That question arises as the surge of online retail sales gives a strong boost to industrial real estate. At the same time, many brick-and-mortar stores are closing. “This is the ultimate irony,” says Eric Frankel, an analyst for real estate research firm Green Street Advisors in Newport Beach, California.

The strength of industrial real estate shines clearly in the performance of real estate investment trusts. In 2016 the FTSE NAREIT index of industrial REITs produced a whopping 30.7 percent return, compared to just 0.95 percent for retail REITs and 8.6 percent for REITs as a whole.

Soaring web sales translate into an increased need for warehouses to store and distribute the goods being purchased, paving the way for industrial real estate’s rally. Online retail sales totaled $101 billion in the third quarter, up 16 percent from a year earlier, accounting for 8.4 percent of total sales, according to the Commerce Department.
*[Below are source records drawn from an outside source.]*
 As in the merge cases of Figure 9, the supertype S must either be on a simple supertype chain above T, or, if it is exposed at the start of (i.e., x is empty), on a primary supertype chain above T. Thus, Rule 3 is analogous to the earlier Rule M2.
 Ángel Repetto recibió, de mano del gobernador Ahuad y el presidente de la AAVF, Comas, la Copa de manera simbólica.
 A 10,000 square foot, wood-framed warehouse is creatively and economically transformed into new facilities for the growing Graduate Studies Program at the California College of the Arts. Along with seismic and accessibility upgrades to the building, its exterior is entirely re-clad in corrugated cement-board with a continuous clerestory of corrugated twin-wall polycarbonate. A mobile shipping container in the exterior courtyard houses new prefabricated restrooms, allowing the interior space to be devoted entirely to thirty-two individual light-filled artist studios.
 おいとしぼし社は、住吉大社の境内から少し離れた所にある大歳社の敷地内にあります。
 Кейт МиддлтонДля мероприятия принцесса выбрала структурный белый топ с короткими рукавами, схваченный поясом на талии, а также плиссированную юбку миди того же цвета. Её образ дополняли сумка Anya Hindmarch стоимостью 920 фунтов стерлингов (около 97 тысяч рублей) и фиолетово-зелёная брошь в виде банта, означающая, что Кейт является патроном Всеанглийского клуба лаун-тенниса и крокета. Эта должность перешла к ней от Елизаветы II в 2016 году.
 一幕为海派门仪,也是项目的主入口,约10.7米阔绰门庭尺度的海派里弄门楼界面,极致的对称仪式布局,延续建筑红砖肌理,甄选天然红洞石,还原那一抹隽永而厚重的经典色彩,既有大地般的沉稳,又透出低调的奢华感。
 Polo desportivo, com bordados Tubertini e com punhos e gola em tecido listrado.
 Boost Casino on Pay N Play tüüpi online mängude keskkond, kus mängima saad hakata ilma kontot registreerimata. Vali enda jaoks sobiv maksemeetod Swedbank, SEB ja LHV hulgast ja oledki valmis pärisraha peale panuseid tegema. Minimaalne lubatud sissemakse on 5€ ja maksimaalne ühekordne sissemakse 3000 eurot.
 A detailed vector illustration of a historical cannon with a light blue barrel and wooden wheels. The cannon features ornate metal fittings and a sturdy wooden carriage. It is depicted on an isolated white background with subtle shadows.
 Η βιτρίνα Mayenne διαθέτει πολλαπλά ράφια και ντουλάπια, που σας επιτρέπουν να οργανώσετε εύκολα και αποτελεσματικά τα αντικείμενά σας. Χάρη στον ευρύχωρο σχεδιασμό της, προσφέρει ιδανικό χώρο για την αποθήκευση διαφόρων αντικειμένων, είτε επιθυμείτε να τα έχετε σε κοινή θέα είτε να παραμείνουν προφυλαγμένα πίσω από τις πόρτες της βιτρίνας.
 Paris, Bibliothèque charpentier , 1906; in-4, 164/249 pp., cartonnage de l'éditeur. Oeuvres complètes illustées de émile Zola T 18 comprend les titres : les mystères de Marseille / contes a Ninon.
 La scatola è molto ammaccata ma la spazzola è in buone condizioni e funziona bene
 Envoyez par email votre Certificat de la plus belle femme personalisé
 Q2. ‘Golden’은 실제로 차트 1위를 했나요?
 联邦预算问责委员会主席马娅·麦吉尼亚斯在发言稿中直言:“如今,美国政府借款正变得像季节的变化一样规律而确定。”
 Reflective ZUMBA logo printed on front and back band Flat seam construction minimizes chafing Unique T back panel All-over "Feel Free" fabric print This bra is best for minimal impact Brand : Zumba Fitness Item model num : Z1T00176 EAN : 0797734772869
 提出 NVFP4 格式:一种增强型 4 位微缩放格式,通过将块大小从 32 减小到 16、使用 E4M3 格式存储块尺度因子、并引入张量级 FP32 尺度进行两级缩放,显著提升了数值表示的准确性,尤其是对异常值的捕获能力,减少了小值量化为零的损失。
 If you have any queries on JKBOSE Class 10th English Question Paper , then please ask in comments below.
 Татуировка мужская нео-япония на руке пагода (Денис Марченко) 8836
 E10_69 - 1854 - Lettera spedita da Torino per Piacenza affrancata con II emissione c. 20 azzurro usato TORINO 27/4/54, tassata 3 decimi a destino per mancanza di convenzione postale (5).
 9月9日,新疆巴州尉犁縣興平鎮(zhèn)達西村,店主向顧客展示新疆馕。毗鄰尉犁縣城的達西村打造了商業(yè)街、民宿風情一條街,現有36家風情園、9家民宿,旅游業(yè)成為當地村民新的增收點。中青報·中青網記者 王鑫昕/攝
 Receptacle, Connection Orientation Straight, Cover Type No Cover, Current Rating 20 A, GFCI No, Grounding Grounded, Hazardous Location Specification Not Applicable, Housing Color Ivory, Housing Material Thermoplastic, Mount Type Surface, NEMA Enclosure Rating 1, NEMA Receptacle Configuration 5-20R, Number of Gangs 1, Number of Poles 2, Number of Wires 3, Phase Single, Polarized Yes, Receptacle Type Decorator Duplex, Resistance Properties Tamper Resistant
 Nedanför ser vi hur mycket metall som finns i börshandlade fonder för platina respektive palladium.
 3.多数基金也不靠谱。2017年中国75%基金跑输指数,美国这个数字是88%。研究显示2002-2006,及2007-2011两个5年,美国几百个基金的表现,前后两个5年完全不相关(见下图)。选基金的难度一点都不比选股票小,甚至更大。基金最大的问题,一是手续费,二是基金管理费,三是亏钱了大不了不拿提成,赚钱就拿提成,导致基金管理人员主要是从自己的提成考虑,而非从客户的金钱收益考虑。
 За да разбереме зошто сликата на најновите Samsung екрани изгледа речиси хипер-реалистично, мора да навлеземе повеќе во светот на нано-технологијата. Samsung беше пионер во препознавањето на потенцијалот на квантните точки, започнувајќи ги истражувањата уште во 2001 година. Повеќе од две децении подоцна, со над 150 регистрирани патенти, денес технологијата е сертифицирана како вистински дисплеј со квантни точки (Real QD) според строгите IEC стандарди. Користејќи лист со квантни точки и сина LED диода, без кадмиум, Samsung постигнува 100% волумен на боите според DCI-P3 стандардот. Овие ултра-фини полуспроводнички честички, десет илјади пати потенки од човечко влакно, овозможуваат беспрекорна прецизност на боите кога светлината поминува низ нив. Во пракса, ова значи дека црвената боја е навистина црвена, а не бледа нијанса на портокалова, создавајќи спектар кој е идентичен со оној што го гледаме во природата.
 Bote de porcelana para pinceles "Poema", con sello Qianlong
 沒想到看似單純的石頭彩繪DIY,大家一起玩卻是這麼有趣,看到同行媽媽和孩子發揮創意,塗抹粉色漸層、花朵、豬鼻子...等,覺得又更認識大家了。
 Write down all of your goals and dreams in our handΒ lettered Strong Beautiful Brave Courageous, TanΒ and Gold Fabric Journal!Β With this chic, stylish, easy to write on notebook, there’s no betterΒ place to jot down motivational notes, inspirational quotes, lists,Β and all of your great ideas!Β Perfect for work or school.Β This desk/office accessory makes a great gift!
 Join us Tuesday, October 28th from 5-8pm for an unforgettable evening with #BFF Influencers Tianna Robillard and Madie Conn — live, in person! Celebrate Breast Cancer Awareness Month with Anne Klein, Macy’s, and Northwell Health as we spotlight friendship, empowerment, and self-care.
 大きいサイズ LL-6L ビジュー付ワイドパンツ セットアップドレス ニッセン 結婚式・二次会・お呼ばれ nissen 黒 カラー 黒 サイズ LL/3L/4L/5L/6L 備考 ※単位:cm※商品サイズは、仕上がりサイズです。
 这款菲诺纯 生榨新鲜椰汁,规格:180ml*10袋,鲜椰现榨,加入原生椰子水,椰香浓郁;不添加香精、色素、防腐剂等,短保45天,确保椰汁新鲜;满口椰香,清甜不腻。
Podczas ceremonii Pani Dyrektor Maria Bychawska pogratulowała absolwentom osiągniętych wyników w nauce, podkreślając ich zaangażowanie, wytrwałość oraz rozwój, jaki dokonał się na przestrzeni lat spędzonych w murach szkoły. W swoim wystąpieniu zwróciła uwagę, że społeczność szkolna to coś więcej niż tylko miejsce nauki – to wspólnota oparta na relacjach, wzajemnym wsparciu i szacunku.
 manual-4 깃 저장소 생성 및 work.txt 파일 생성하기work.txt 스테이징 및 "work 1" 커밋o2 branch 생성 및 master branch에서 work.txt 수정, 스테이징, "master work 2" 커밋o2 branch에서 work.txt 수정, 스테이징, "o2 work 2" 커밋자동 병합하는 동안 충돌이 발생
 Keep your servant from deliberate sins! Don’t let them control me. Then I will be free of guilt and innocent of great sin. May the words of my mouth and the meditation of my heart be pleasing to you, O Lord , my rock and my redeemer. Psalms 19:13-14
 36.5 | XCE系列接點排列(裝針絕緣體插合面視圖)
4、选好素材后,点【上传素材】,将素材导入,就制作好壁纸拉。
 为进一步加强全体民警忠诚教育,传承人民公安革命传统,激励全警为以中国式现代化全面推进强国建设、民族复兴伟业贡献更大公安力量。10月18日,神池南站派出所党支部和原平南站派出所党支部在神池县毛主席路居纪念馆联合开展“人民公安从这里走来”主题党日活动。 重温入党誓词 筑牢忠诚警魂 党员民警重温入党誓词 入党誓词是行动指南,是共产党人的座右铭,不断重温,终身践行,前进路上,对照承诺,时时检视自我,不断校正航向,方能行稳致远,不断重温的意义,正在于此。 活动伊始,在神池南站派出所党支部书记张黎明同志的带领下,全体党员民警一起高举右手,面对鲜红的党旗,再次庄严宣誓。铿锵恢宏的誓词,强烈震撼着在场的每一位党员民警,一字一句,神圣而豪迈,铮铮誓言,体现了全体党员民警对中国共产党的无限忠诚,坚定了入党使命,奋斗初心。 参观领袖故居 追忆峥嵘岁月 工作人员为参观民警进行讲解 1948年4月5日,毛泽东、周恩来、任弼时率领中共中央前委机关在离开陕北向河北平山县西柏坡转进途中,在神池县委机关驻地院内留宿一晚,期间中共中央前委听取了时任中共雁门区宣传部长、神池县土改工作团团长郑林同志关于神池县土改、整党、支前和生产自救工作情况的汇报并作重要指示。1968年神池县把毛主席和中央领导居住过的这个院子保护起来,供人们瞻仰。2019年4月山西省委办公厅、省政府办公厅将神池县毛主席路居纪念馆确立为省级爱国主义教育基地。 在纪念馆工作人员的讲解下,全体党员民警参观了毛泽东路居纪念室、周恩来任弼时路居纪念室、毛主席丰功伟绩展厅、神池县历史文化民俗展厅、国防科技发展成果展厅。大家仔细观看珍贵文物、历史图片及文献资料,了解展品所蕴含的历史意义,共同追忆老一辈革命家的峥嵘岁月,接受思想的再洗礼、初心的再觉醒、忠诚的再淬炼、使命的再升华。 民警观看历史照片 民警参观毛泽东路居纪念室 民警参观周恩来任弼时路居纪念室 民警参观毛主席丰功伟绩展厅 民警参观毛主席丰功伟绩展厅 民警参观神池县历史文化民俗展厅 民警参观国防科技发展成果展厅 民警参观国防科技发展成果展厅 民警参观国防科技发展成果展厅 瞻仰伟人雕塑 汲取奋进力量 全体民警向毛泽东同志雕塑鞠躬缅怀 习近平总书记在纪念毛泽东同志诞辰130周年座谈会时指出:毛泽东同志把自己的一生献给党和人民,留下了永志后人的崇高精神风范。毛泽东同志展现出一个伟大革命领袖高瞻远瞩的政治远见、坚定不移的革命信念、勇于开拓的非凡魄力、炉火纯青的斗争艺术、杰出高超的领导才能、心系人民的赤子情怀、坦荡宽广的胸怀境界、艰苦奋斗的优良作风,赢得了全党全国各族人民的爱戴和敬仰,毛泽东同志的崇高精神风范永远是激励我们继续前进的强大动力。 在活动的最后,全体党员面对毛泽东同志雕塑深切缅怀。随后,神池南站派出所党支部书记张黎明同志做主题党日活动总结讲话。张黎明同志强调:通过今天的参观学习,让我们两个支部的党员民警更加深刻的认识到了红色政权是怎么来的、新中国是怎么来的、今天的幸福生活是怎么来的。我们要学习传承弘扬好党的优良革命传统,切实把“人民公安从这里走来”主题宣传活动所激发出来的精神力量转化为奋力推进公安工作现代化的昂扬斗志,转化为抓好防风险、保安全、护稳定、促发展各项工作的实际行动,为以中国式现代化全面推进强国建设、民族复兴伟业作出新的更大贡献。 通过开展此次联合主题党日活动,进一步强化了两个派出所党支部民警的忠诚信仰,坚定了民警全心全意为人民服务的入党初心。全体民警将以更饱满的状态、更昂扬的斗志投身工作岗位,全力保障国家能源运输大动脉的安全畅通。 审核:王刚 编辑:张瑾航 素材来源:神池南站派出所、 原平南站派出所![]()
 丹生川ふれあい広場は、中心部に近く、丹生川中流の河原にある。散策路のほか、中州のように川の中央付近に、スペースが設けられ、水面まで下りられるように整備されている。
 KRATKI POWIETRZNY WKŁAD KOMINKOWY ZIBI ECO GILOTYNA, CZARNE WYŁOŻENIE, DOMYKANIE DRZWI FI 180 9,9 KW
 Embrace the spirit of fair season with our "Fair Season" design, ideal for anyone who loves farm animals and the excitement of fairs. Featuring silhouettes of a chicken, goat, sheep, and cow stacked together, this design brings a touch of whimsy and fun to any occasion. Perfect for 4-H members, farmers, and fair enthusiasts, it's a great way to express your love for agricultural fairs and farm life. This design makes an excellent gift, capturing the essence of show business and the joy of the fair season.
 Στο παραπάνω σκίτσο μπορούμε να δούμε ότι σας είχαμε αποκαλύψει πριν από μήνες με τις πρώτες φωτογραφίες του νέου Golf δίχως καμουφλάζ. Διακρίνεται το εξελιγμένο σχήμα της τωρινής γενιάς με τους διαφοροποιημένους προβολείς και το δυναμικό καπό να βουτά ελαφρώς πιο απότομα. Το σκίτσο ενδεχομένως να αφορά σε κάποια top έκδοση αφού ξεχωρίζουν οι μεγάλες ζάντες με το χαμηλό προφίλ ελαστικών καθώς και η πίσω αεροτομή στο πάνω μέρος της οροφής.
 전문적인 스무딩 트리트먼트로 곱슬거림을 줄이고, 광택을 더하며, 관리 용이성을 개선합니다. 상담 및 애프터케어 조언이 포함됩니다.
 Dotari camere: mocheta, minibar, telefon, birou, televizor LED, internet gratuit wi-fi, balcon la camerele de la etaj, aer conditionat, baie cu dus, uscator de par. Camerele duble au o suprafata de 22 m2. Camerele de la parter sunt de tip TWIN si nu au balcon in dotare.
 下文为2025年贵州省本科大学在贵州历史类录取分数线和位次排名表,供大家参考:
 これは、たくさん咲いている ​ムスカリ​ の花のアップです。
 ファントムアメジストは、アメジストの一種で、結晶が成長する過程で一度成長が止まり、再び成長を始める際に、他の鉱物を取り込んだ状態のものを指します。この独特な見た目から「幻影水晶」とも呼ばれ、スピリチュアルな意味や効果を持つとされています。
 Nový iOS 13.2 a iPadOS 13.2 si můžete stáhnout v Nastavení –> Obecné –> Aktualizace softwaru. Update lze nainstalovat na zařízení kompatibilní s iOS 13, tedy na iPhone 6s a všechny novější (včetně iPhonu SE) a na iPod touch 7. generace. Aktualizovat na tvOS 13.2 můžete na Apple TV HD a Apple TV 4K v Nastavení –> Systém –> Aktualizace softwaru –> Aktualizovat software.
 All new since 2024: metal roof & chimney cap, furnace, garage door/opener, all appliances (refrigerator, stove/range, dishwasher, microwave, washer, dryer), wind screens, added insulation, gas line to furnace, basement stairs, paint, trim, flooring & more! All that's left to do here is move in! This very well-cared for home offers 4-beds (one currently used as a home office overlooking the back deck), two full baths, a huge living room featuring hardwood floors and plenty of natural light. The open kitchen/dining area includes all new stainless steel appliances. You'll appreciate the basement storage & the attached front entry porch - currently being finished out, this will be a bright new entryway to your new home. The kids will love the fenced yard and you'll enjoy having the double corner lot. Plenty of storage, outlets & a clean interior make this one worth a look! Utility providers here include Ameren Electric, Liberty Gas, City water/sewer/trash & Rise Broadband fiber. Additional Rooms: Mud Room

Prologis, the largest industrial REIT, has calculated that every dollar of online sales requires three times more distribution and warehouse space than a dollar of sales at a brick-and-mortar store. That’s because a shipment of goods to a brick-and-mortar retailer is usually large, unlike the huge number of small shipments going to individuals. Internet sales routinely involve the delivery of a single package to anywhere in the country and beyond. Often these goods travel long distances before reaching their endpoint and must be stored in industrial facilities along the way.

Demand from Internet retailers for industrial space is particularly strong for “last-mile” locations near customers who demand overnight or one- to three-day delivery, real estate analysts say. “Last-mile distribution is the silver bullet that everyone is trying to figure out,” says Jonathan Miniman, a portfolio manager at CBRE Clarion Securities in Radnor, Pennsylvania.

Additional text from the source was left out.